In the listing below, find the line containing "Traffic in Hanoi" and the line containing "先輩達からの歓迎を受け、新入", then copy exactly everything from the first through the second, except the pictures.

## Given data
------------------------

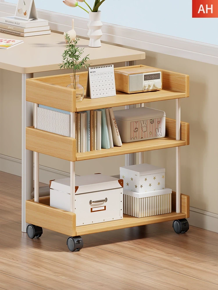 移動可能な実木製ブックシェルフ - 教室やデスクサイドに最適な収納ラック!学生の教科書やノートをすっきり整理できるキャスター付きの便利なアイテムです。美しいデザインでお部屋をおしゃれに演出!
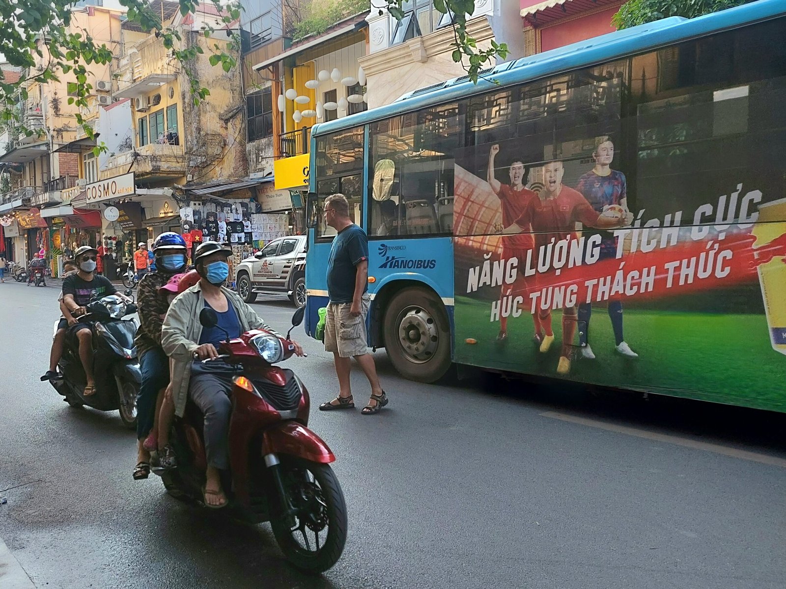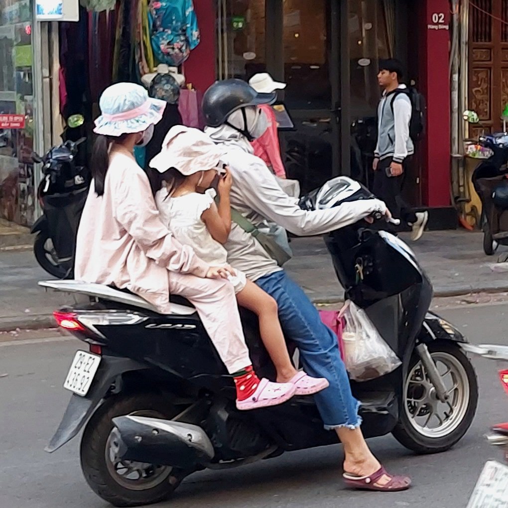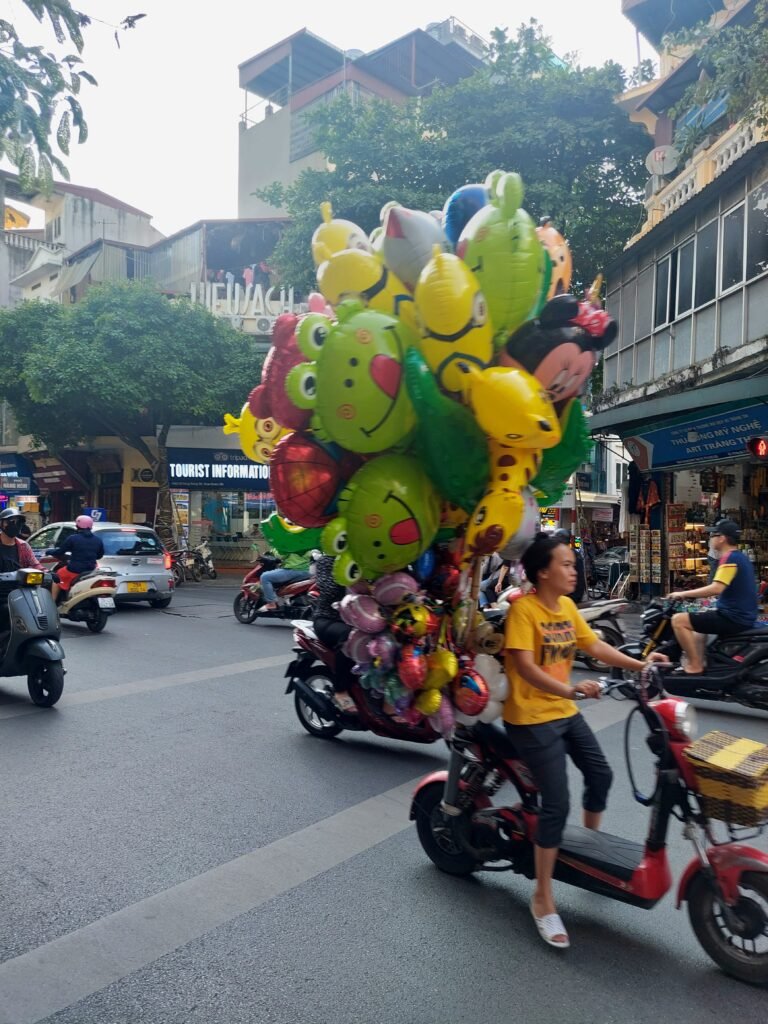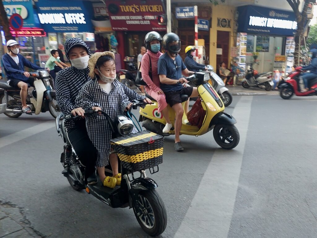Traffic in Hanoi is chaotic. We thought Malaysian traffic was bad, but the traffic here is insane. There are traffic lights at intersections, but nobody obeys them. Everyone drives ahead and honks the horn to signal that they are coming. Here, especially at crossings, you have to pay attention and move quite fast if you want to make it to the other side of the street alive. When crossing the road, it is not a good idea to stop, but to keep moving forward, counting on scooters and cars to give way on either side. The scooter is by far the most popular mode of transport here. Naturally, most people ride their scooters without helmets. You can load an incredible amount of stuff or people on a scooter. The record we saw was two adults, two children and a dog. Unfortunately, they went by so quickly that we didn’t get a picture of them.
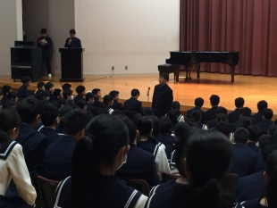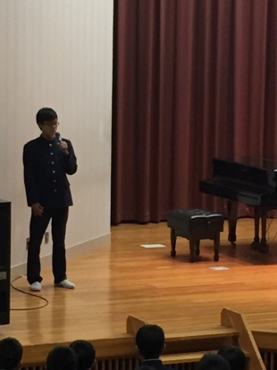 先輩達からの歓迎を受け、新入生代表生徒はしっかりと挨拶を返していました。マイクを通し皆に向けて話をするのはとても緊張することだと思いますが、歓迎の雰囲気が新入生の背中を押してくれたようでした。最後に、各クラス代表者へ入学記念品の贈呈がありました。
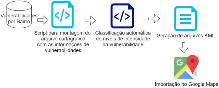 Posteriormente, fizemos a classificação do nível. O número máximo de cada vulnerabilidade de cada importação é armazenado, e é utilizado como parâmetro para o cálculo do nível que varia entre 0% e 100% da quantidade para o bairro. São 5 níveis, 0%-20%, 20%-40%, 40%-60%, 60%-80% e 80%-100%. Neste caso, a ideia principal, é apresentar a intensidade de cada vulnerabilidade por bairro (por tons de cores diferentes) em relação a mesma vulnerabilidade encontrada nos outros bairros, guardadas as proporcionalidades. Todas as informações estão em arquivos cartográficos no formato KML (Keyhole Markup Language). Optamos pelo site Google Maps5, por ser de uso gratuito e simples de ser usado. Para carregar o arquivo KML basta abrir o site do Google Maps e clicar em “Importar”. O fluxo para geração dos arquivos cartográficos para importação na ferramenta de mapas do Google encontra-se na Figura 7.

------------------------

## Task result
Traffic in Hanoi is chaotic. We thought Malaysian traffic was bad, but the traffic here is insane. There are traffic lights at intersections, but nobody obeys them. Everyone drives ahead and honks the horn to signal that they are coming. Here, especially at crossings, you have to pay attention and move quite fast if you want to make it to the other side of the street alive. When crossing the road, it is not a good idea to stop, but to keep moving forward, counting on scooters and cars to give way on either side. The scooter is by far the most popular mode of transport here. Naturally, most people ride their scooters without helmets. You can load an incredible amount of stuff or people on a scooter. The record we saw was two adults, two children and a dog. Unfortunately, they went by so quickly that we didn’t get a picture of them.
 先輩達からの歓迎を受け、新入生代表生徒はしっかりと挨拶を返していました。マイクを通し皆に向けて話をするのはとても緊張することだと思いますが、歓迎の雰囲気が新入生の背中を押してくれたようでした。最後に、各クラス代表者へ入学記念品の贈呈がありました。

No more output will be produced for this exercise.